The Sherpas were dead, two more victims of an attempt to scale Mt.
Everest. Members of a French climbing expedition, sensitive perhaps
about leaving the bodies where they could not be recovered, rolled them
off a steep mountain face. One body, however, crashed to a stop near
Sherpas on a separate expedition far below. They stared at the frozen
corpse, stunned. They said nothing, but an American climber observing
the scene interpreted their thoughts: Nobody would throw the body of a
white climber off Mt. Everest.
For more than a century, climbers from around the world have journ-eyed
to test themselves on Everest's treacherous slopes, enlisting the expert
aid of the Sherpas who live in the area. Drawing on years of field
research in the Himalayas, renowned anthropologist Sherry Ortner
presents a compelling account of the evolving relationship between the
mountaineers and the Sherpas, a relationship of mutual dependence and
cultural conflict played out in an environment of mortal risk.

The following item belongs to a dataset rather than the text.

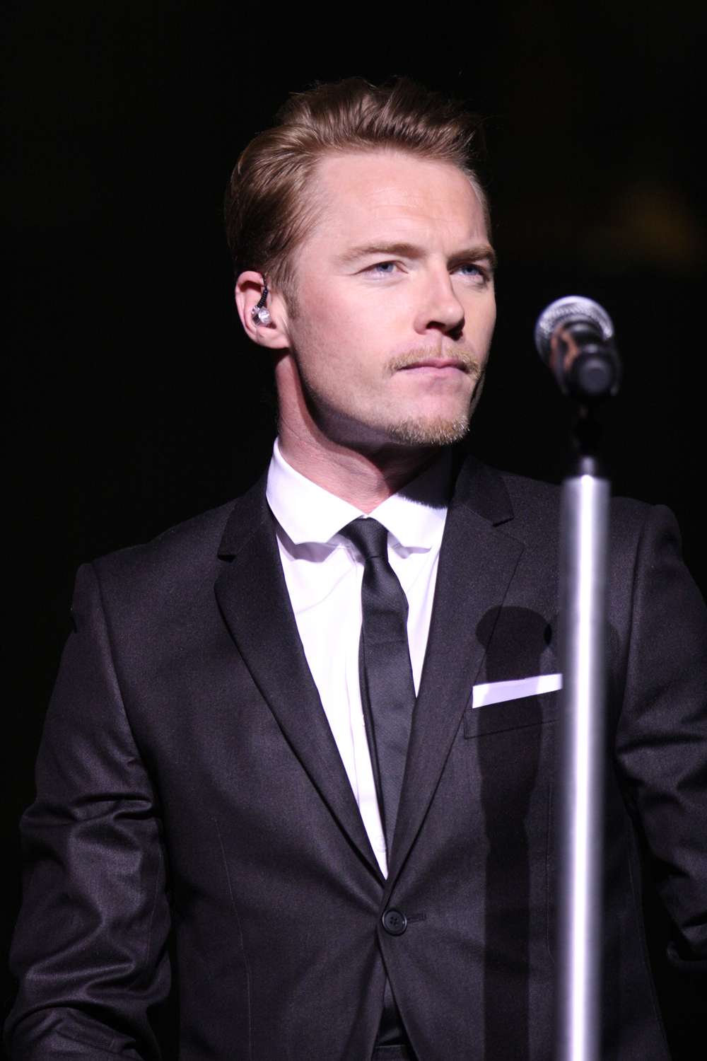 Ronan Keating At State Theatre, Sydney, Australia
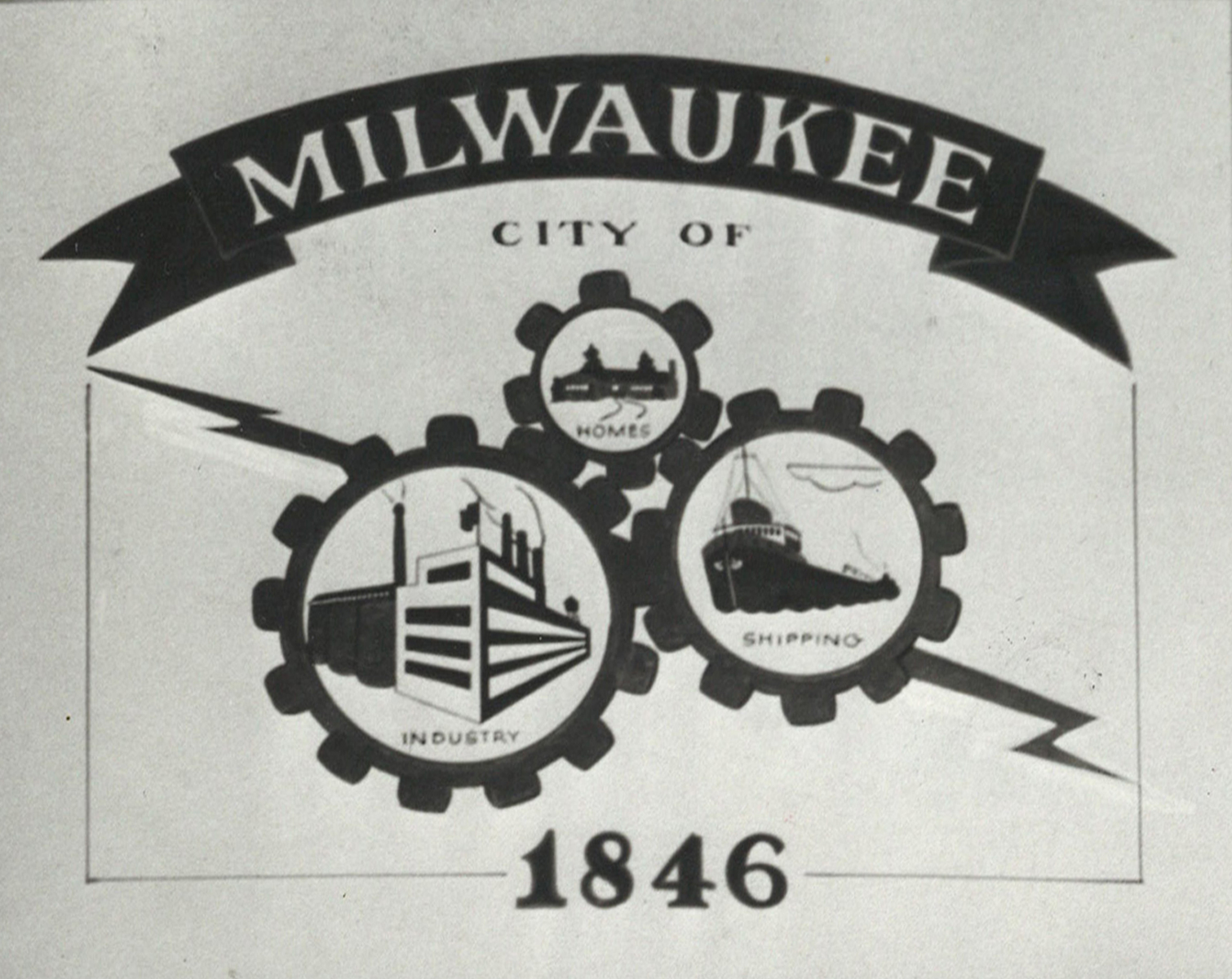 A black-and-white rendition of the winning design in Milwaukee's 1950 flag design contest. It features a ribbon with the name "Milwaukee" over three gears labeled "HOMES", "INDUSTRY", and "SHIPPING". This design was never officially adopted by the city, though some elements were later re-purposed for Milwaukee's first official flag in 1954.

Ortner explores this relationship partly through gripping accounts of
expeditions--often in the climbers' own words--ranging from
nineteenth-century forays by the British through the historic ascent of
Hillary and Tenzing to the disasters described in Jon Krakauer's Into
Thin Air. She reveals the climbers, or "sahibs," to use the Sherpas'
phrase, as countercultural romantics, seeking to transcend the vulgarity
and materialism of modernity through the rigor and beauty of
mountaineering. She shows how climbers' behavior toward the Sherpas has
ranged from kindness to cruelty, from cultural sensitivity to derision.

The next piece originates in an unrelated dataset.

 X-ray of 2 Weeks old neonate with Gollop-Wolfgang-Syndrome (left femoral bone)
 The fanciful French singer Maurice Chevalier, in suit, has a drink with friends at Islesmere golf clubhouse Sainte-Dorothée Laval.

Ortner traces the political and economic factors that led the Sherpas to
join expeditions and examines the impact of climbing on their
traditional culture, religion, and identity. She examines Sherpas'
attitude toward death, the implications of the shared masculinity of
Sherpas and sahibs, and the relationship between Sherpas and the
increasing number of women climbers. Ortner also tackles debates about
whether the Sherpas have been "spoiled" by mountaineering and whether
climbing itself has been spoiled by commercialism.